Data for this task: Begin
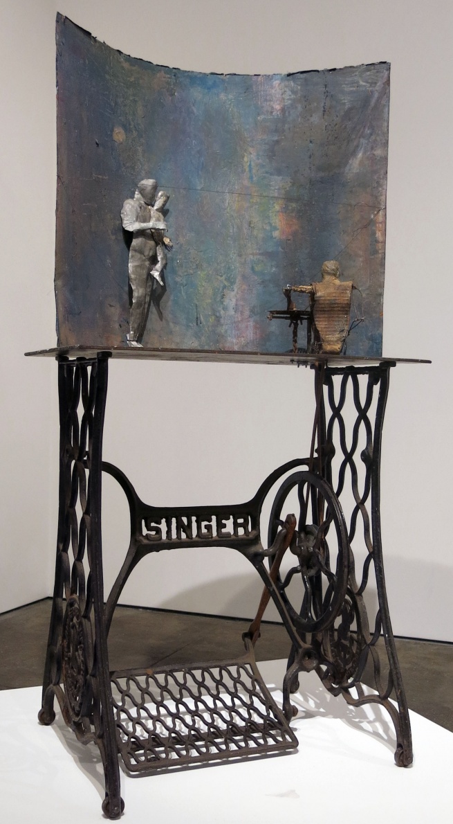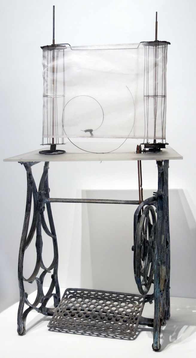 Non a caso l’artista si serve di ‘basi’ o ‘strutture’ strappate alla loro funzione originaria e convertite in piedistalli nient’affatto muti o neutri. Come nei Canti di Maldoror di Lautréamont, trasformato in basamento, il tavolo della macchina da cucire sembra cedere a un’azione che trascende la sua disattivata promessa cinetica. E i rulli/pilastro muovono e insieme sigillano nel tempo sospeso del mito.
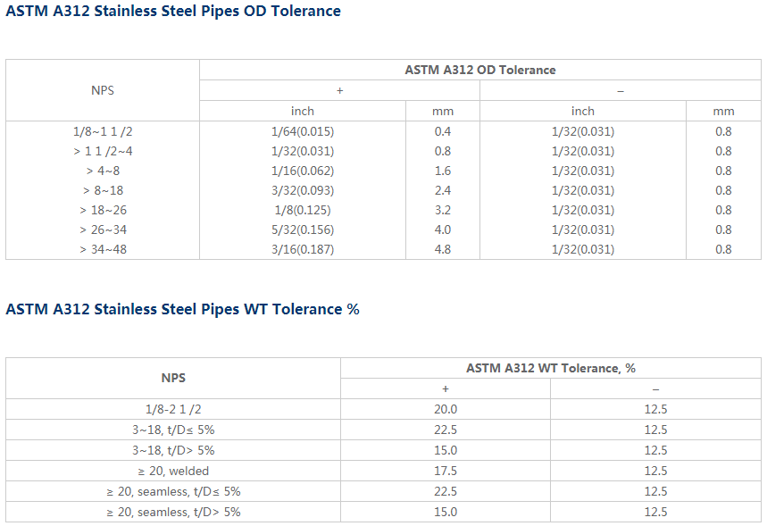 外径:NPS 1/8"至30" WT: SCH 5S, 10S, 40S, 80S L: 5.8M, 6M, 11.8M, 12M或任何其他指定长度制造工艺:无缝和焊接。等级:TP304、TP304L、TP316、TP316L、TP309S、TP310S、TP317、TP317L、TP321、TP347、TP348、TP904L
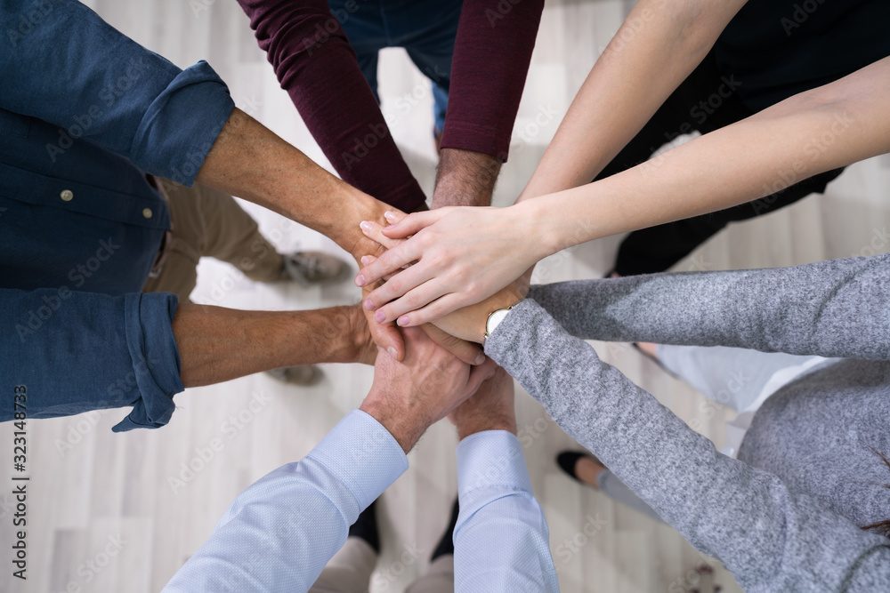 Tableau sur toile Stacked Hands Symbolizing Team Effort
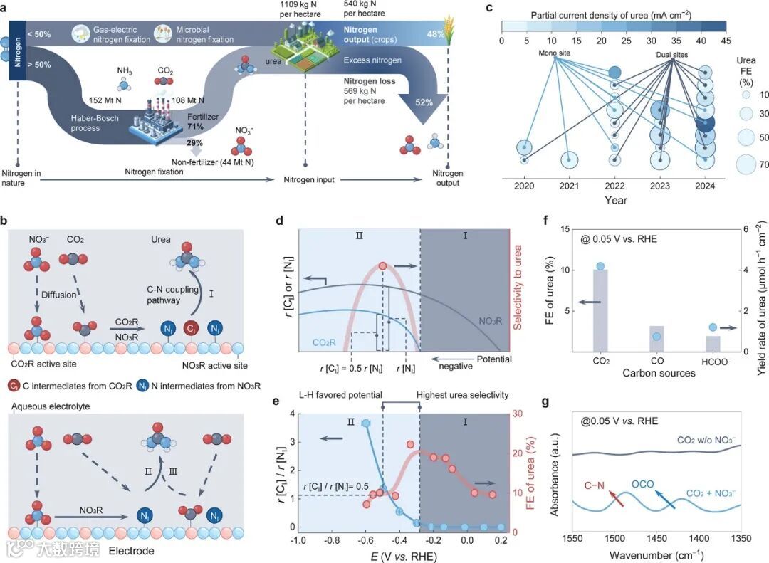 首先,结合全球氮循环损失数据,作者认识到硝酸盐和氨的排放不仅浪费资源,还加剧水体富营养化;接着,通过对比不同碳源和电位区域的产物分布,以及原位ATR FTIR谱和动力学分析,他们发现传统的Langmuir–Hinshelwood型C–N偶联并不能完全解释尿素生成的早期高选择性,而更为简洁高效的 Eley–Rideal 路径—— CO2 分子直接与表面氮中间体(如*NO2)偶联——才是主导机理;文献汇总的气泡图和速率–电位曲线进一步表明,在NO3⁻与CO2共同还原的中间电位区间,C/N中间体产生速率的匹配对于高效合成尿素至关重要;而不同碳源对比实验和原位光谱则直接印证了CO2分子本身能参与C–N键形成。
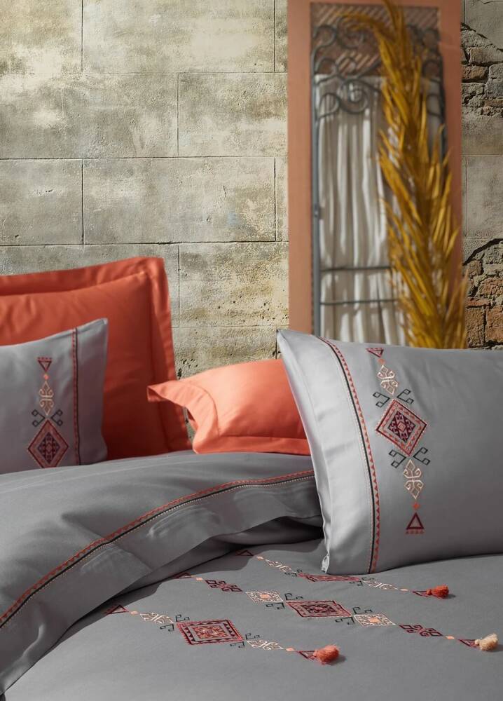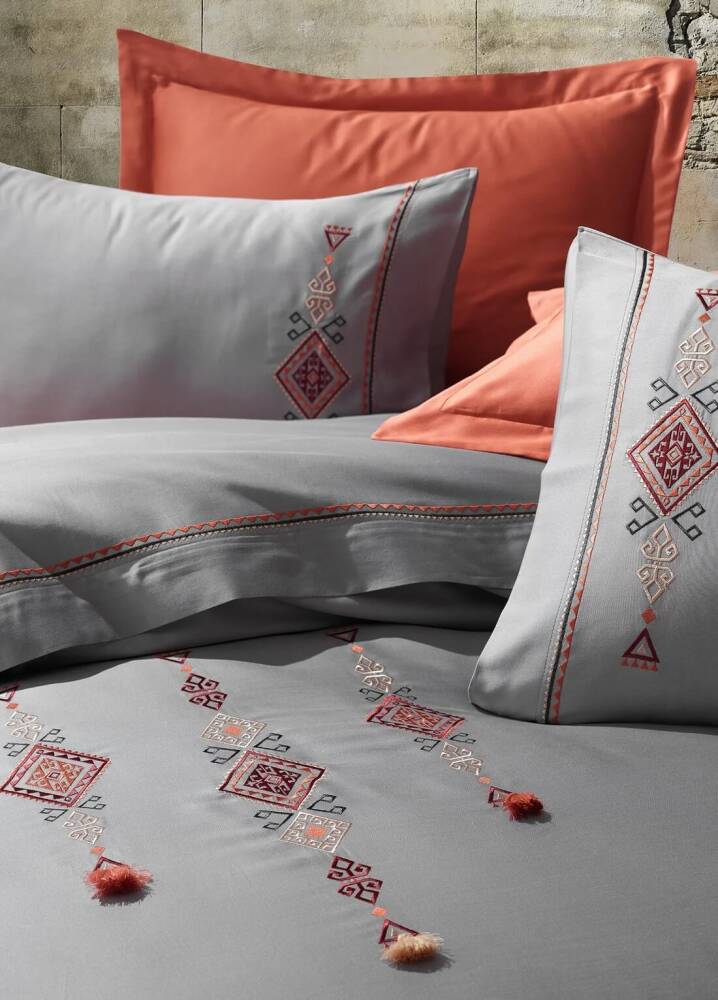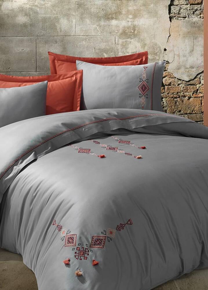 Tilbe %100 Pamuk Saten Nakışlı Çift Kişilik Nevresim Takımı - Gri-Kiremit
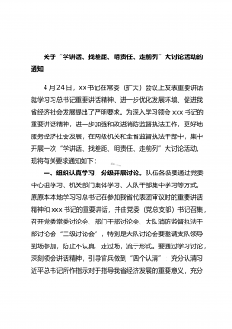 关于“学讲话、找差距、明责任、走前列”大讨论活动的通知4月24日,xx书记在常委(扩大)会议上发表重要讲话就学习习总书记重要讲话精神、进一步优化发展环境、促进我省经济社会发展提出了严明要求。为深入学习领会xxx书记的重要讲话精神,进一步加强和改进消防监督执法工作,更好地服务经济社会发展,在两级机关和全省监督执法干部中,集中开展一次“学讲话、找差距、明责任、走前列”大讨论活动,现将有关要求通知如下:一、组织认真学习,分级开展讨论。队伍各级要通过党委中心组学习、机关部门集体学习、大队干部集中学习等方式,原原本本地学习习总书记在参加我省代表团审议时的重要讲话精神和xxx书记的重要讲话,并由党委(党总...
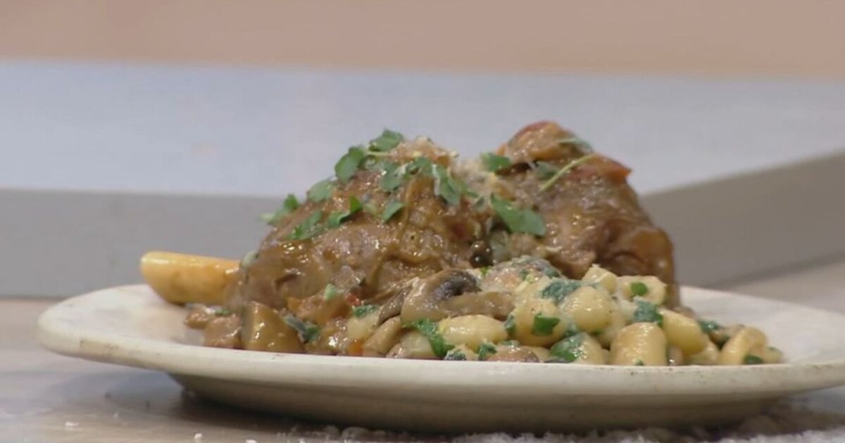 Αρνάκι μαγειρευτό με μανιτάρια και γκόγκες
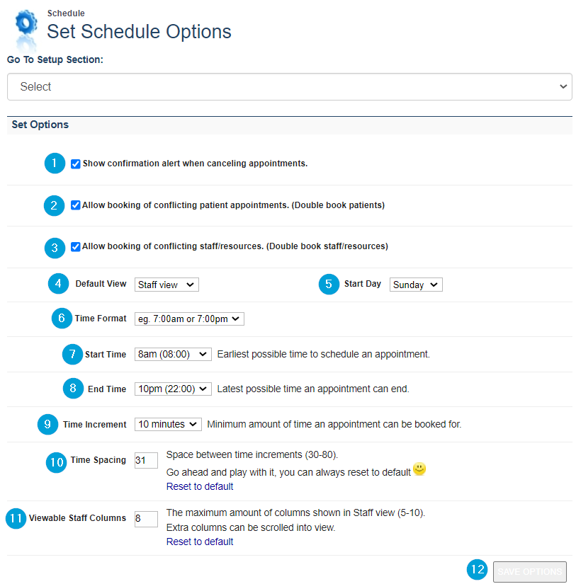 To access Scheduler Options, select Scheduler Options from the Go To Setup Section Drop-Down Menu.
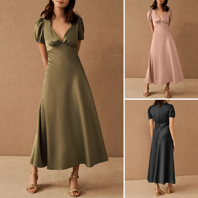 Номер моделиSolid Color Elegant Satin Silk Long Dress
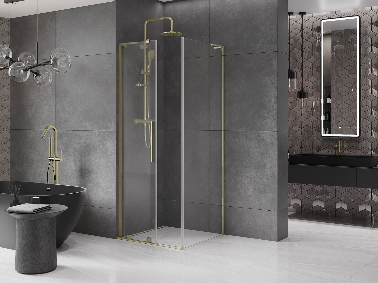Mexen Velar L tolóajtós zuhanykabin 120 x 120 cm, áttetsző, arany - 871-120-120-03-50
Data for this task: End
Would you mind transcribing the material exactly, without the pictures?

■ Your response:
 Non a caso l’artista si serve di ‘basi’ o ‘strutture’ strappate alla loro funzione originaria e convertite in piedistalli nient’affatto muti o neutri. Come nei Canti di Maldoror di Lautréamont, trasformato in basamento, il tavolo della macchina da cucire sembra cedere a un’azione che trascende la sua disattivata promessa cinetica. E i rulli/pilastro muovono e insieme sigillano nel tempo sospeso del mito.
 外径:NPS 1/8"至30" WT: SCH 5S, 10S, 40S, 80S L: 5.8M, 6M, 11.8M, 12M或任何其他指定长度制造工艺:无缝和焊接。等级:TP304、TP304L、TP316、TP316L、TP309S、TP310S、TP317、TP317L、TP321、TP347、TP348、TP904L
 Tableau sur toile Stacked Hands Symbolizing Team Effort
 首先,结合全球氮循环损失数据,作者认识到硝酸盐和氨的排放不仅浪费资源,还加剧水体富营养化;接着,通过对比不同碳源和电位区域的产物分布,以及原位ATR FTIR谱和动力学分析,他们发现传统的Langmuir–Hinshelwood型C–N偶联并不能完全解释尿素生成的早期高选择性,而更为简洁高效的 Eley–Rideal 路径—— CO2 分子直接与表面氮中间体(如*NO2)偶联——才是主导机理;文献汇总的气泡图和速率–电位曲线进一步表明,在NO3⁻与CO2共同还原的中间电位区间,C/N中间体产生速率的匹配对于高效合成尿素至关重要;而不同碳源对比实验和原位光谱则直接印证了CO2分子本身能参与C–N键形成。
 Tilbe %100 Pamuk Saten Nakışlı Çift Kişilik Nevresim Takımı - Gri-Kiremit
 关于“学讲话、找差距、明责任、走前列”大讨论活动的通知4月24日,xx书记在常委(扩大)会议上发表重要讲话就学习习总书记重要讲话精神、进一步优化发展环境、促进我省经济社会发展提出了严明要求。为深入学习领会xxx书记的重要讲话精神,进一步加强和改进消防监督执法工作,更好地服务经济社会发展,在两级机关和全省监督执法干部中,集中开展一次“学讲话、找差距、明责任、走前列”大讨论活动,现将有关要求通知如下:一、组织认真学习,分级开展讨论。队伍各级要通过党委中心组学习、机关部门集体学习、大队干部集中学习等方式,原原本本地学习习总书记在参加我省代表团审议时的重要讲话精神和xxx书记的重要讲话,并由党委(党总...
 Αρνάκι μαγειρευτό με μανιτάρια και γκόγκες
 To access Scheduler Options, select Scheduler Options from the Go To Setup Section Drop-Down Menu.
 Номер моделиSolid Color Elegant Satin Silk Long Dress
Mexen Velar L tolóajtós zuhanykabin 120 x 120 cm, áttetsző, arany - 871-120-120-03-50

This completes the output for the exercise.